The Garvan Institute of Medical Research in Sydney has announced a new service that will triple the rate of diagnosis for Australians suffering from rare and genetic conditions. Launching the sequencing service in conjunction with NSW Health and Genome One, will help hundreds of thousands of sufferers find an answer. Dr Marcel Dinger head of Genomic Medicine at the Garvan says “It used to take years to get a diagnosis for a genetic or rare disease and now we’ll get a result in just eight to 12 weeks.”
Offering a whole-genome sequencing service, patients deemed eligible will have their whole genome, all 20,000 genes analysed for anomalies and genetic markers at once. This technique of DNA sequencing uses complex chemistry and high resolution optics to determine an individual’s DNA sequence. Broken down into As, Cs, Gs and Ts, approximately 6,000 million letters are present in each human genome. Computers are used to compare this mammoth amount of data and locate the differences.
Although focusing on patients left undiagnosed by the current diagnostic tests, genomic medicine – using the information gained from a person’s DNA sequence to diagnose or treat – is at the forefront of groundbreaking medical application for the wider population too.

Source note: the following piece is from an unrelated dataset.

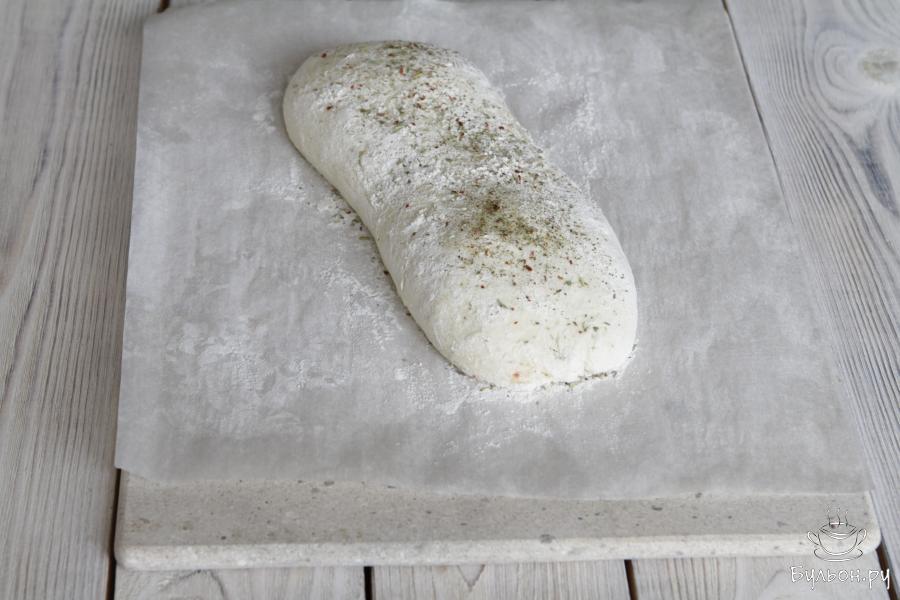 10. Заранее разогреваем духовку и камень для выпечки не менее 30 минут при 230 градусах. Далее аккуратно перекладываем чиабатту на камень, присыпаем еще слегка травами и семенами другой веточки тимьяна.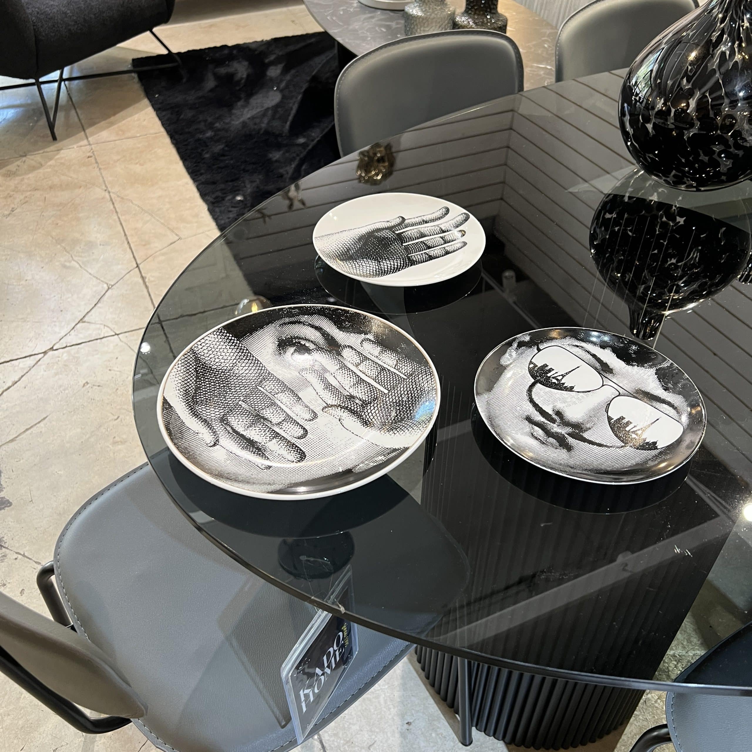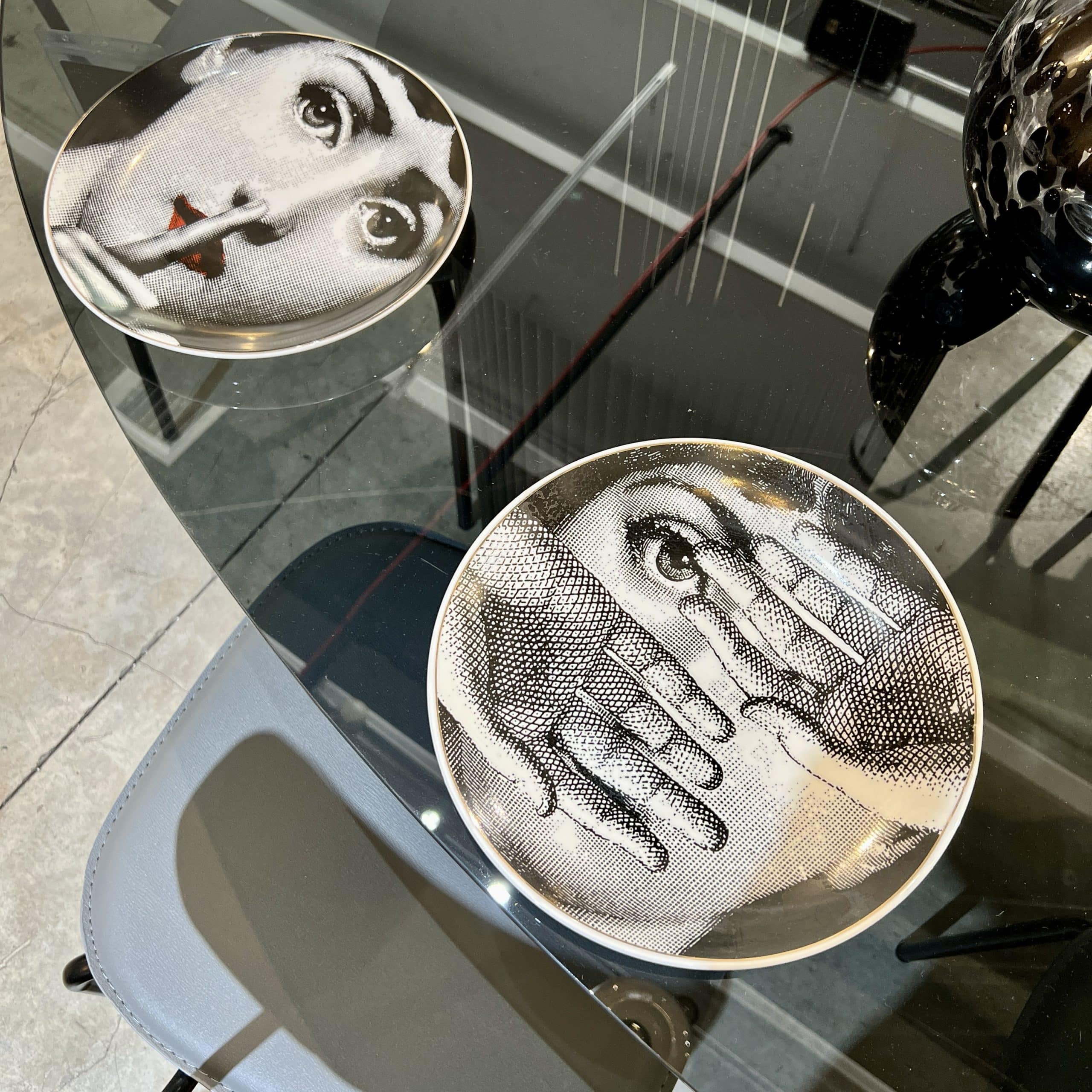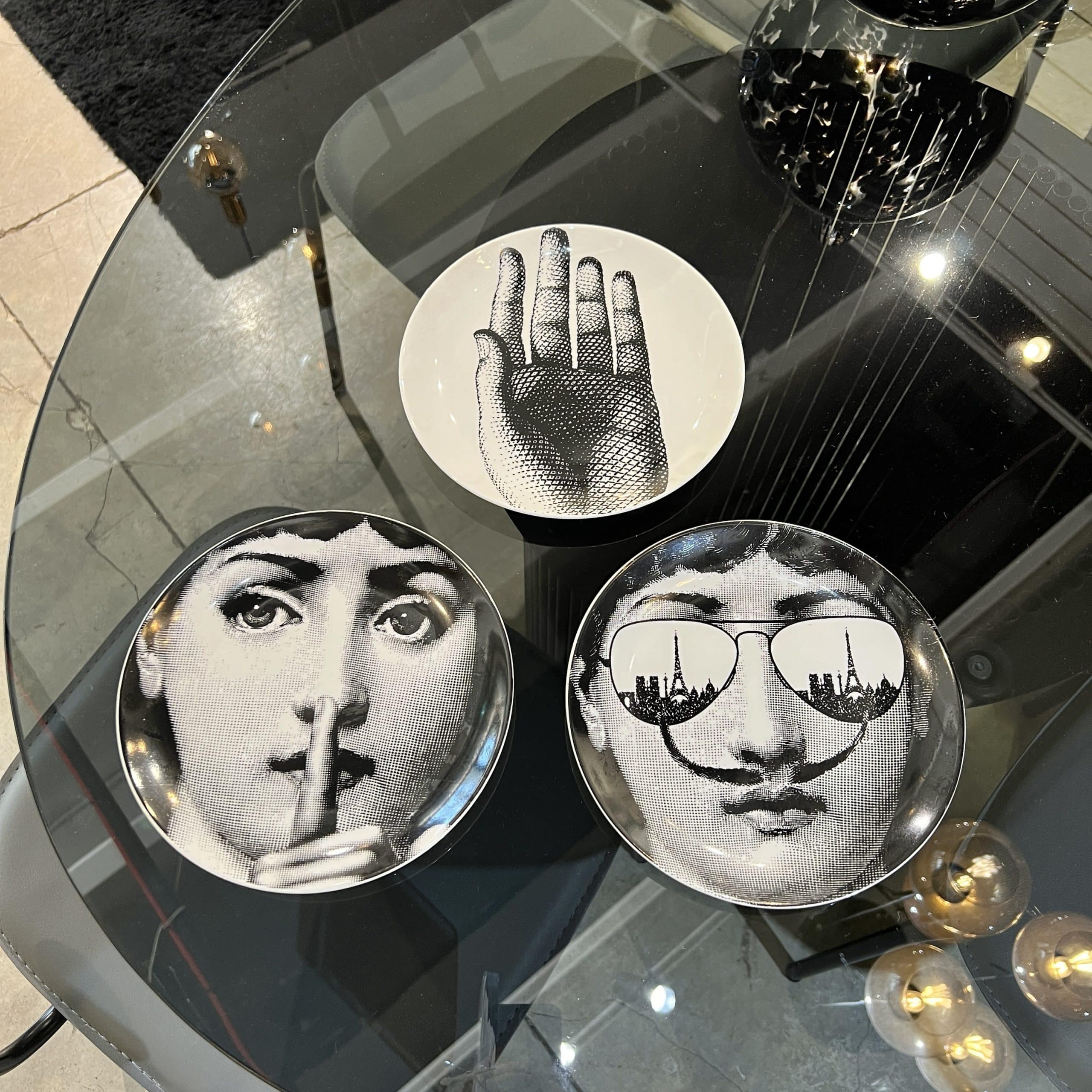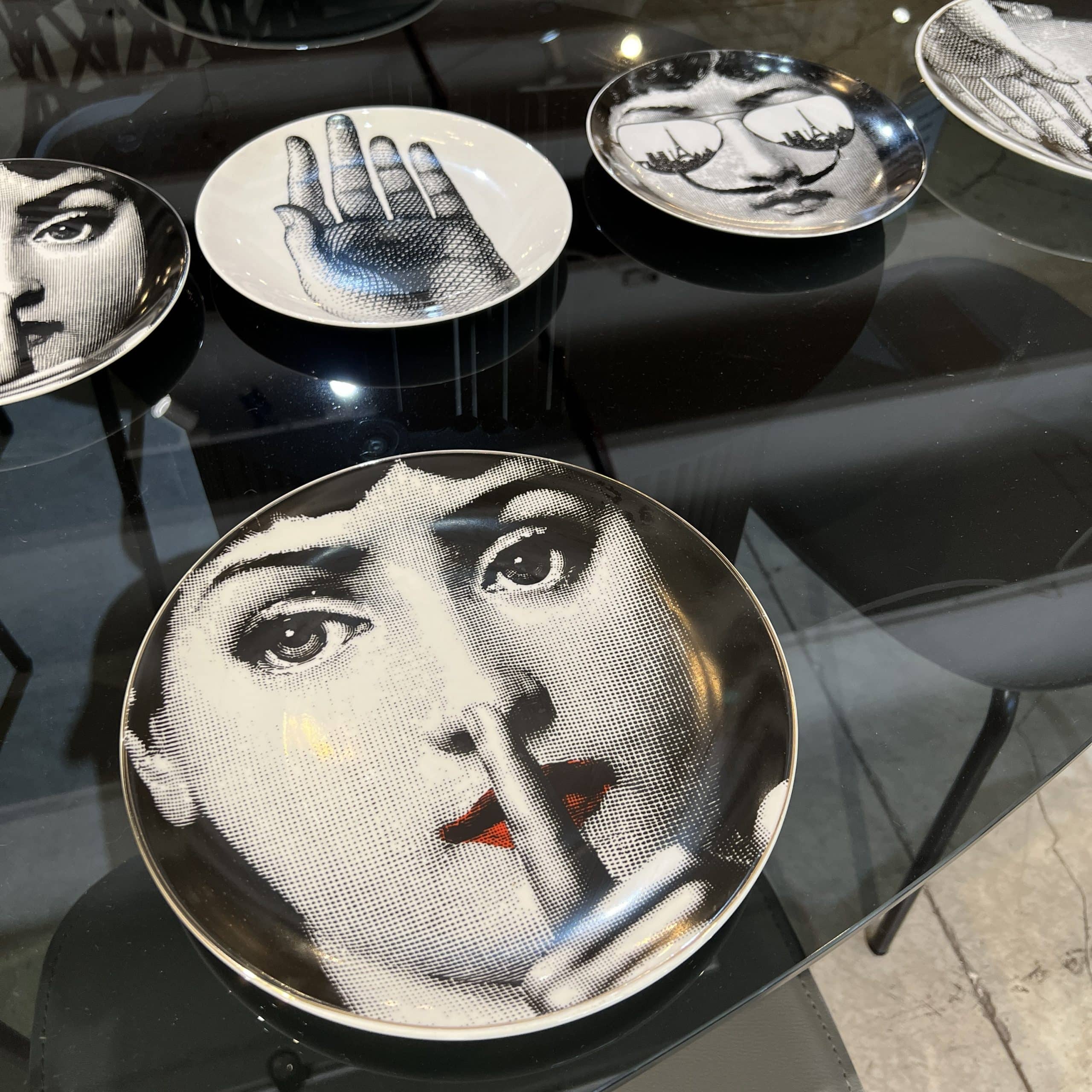 צלחות נוי לתליה על קיר או הגשה פורצלן מיוחדת ומרשימה בצבעי שחור לבן המציגה את פניה של המוזה של פיירו פורנאסטי, זמרת האופרה לינה קוואליירי.

Executive Director of the Garvan, Professor John Mattick notes,“We are on the precipice of a tremendous revolution in health care. The more we understand about the whole genome, the greater our ability is to make life-changing diagnoses for genetic conditions and help patients receive the right treatment faster.”
Approximately 6-8% of Australians suffer from a rare genetic condition, with a new disorder identified in medical texts on a weekly basis. The Genome One diagnostic service will help to provide answers and relief for those dealing with a complex range of symptoms.
Not only will individual patients be helped by this revolutionary approach to patient diagnosis but the bank of information gathered by investigating the genome further with provide a wonderful foundation for further research.